One of the many phrases that I hear people say when I tell them that I suffer from depression is “You don’t look depressed!”. And although sometimes well intended, this is NOT a compliment for me. If anything it makes me think about why there is such a big misconception of mental illness having to have a certain “look”. Why do I need to look depressed to make you believe that I actually am? And most all, what is this “look”? Is it smudged makeup from crying, ruffled hair and bags under my eyes? Or a certain way to dress?
In all honesty I don’t know. Because yes, some days I do look exactly like that and other days I don’t. The pictures above were taken on the same day, within a time frame of maybe 8 hours or so. In the first one I am smiling, well dressed, makeup on ready to go out and do things. In the second one I had just finished crying for a good two hours or so, for reasons that I don’t remember anymore. Fact is, that in both pictures I am equally depressed. Me looking “proper” doesn’t take away a whole bunch of feelings underneath.
I spend a lot of my teenage and adult years being high functioning. Meaning, that I was going to school fine, I was showing up to work on time and left when I was finished. I went out, got my groceries done, rarely took a sick day off anything. I was still suffering during those years, I was still majorly depressed. The only difference being that I somehow managed to get stuff done.
A lot of people seem to think that just because you can hold down a job, or do well in school, that you can’t suffer from a mental illness too. A lot of us are suffering, yet they still go to work everyday. Those two things don’t exclude each other, they can coexist side by side and it is often very hard to get help for yourself or to be able to reach out to someone when they only see your functioning side and base their whole opinion of you solely on that.
It’s quite sad actually that people are in fact being refused help, because they don’t fit into a certain image that people have of them. Mental illness shouldn’t have a look, it shouldn’t be judged on that. So many of us are making it through their daily lives, looking fine, you wouldn’t suspect a thing – when inside they may be screaming, yearning for help. Being reduced to your looks makes reaching out for those affected even harder. It automatically makes you think – wait, maybe I’m not feeling that bad after all, maybe I don’t deserve help. It makes us isolate ourselves, get on with our lives unable to find comfort in being able to speak openly about our struggles. When everytime that you dare to speak up, your emotions are invalidated by something as seemingly small as looks, at some point you just don’t talk about it anymore.
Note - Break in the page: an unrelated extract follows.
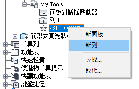 - 在列上按一下滑鼠右鍵,然後選擇「新子面板」或「新收闔面板」。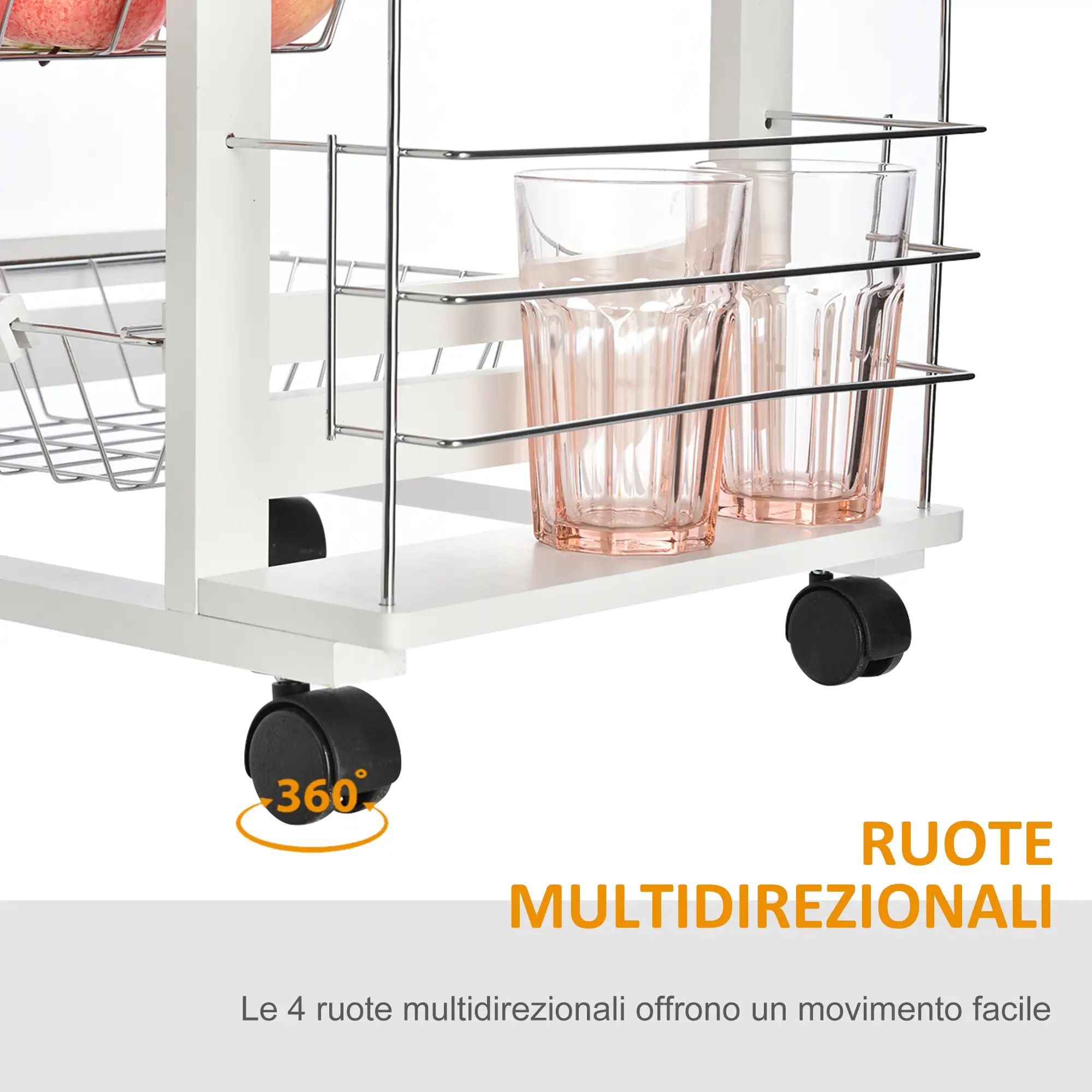 Affetta la cipolla sul piano d’appoggio, scegli i pomodori più maturi dai cestelli estraibili, prendi il basilico dal portaspezie et voilà, Hai tutto quel che ti serve per preparare il tuo sugo migliore, proprio a portata di mano! Questo carrello da cucina [ITALFROM HOME DESIGN], infatti, diventerà il tuo (indispensabile) assistente: ti offre tanto spazio extra per cucinare o per organizzare cibi e utensili, In più, grazie alle 4 ruote, puoi spostarlo comodamente da una stanza all’altra,

It is a shame really, that even health care professionals often enough will reduce you down to the way you look, rather than listening and believing you. It’s a massive kick in the guts to be told that you don’t look “bad” enough to deserve treatment. Why is it that we seemingly have to hit rock bottom first to be able to access the help we may need? Why do we have to break first before we are deemed worthy enough of help? Would it not be better to offer help regardless of whether or not our situation was “bad” enough, so we wouldn’t have to feel that low in the first place? How is that such a alien concept?
A lot of the times when I didn’t seek help, it was mainly because I felt like I was not deserving of it at all. I didn’t feel like I was feeling bad enough to go and ask for it. After all, someone must have had it much worse than me. I was living in the belief that as long as I was working, and achieving something, no one would ever believe me when I would tell them how I really felt.
I truly hope that in the near future our health care system will change into something that is more based on empathy, rather than wanting people to fit into certain “categories”. There is still a long way to go, but I do believe that open discussion about these issues and speaking up about them relentlessly will help end this stigmatisation in the future.
If you ever have been told that you don’t look “bad” or “ill” enough when you decided to reach out, whether by friends or health care professionals, I truly feel for you. Please don’t let their misinformed opinion discourage you from speaking up about your truth and seeking the help you may need. Your feelings are 100% valid, always.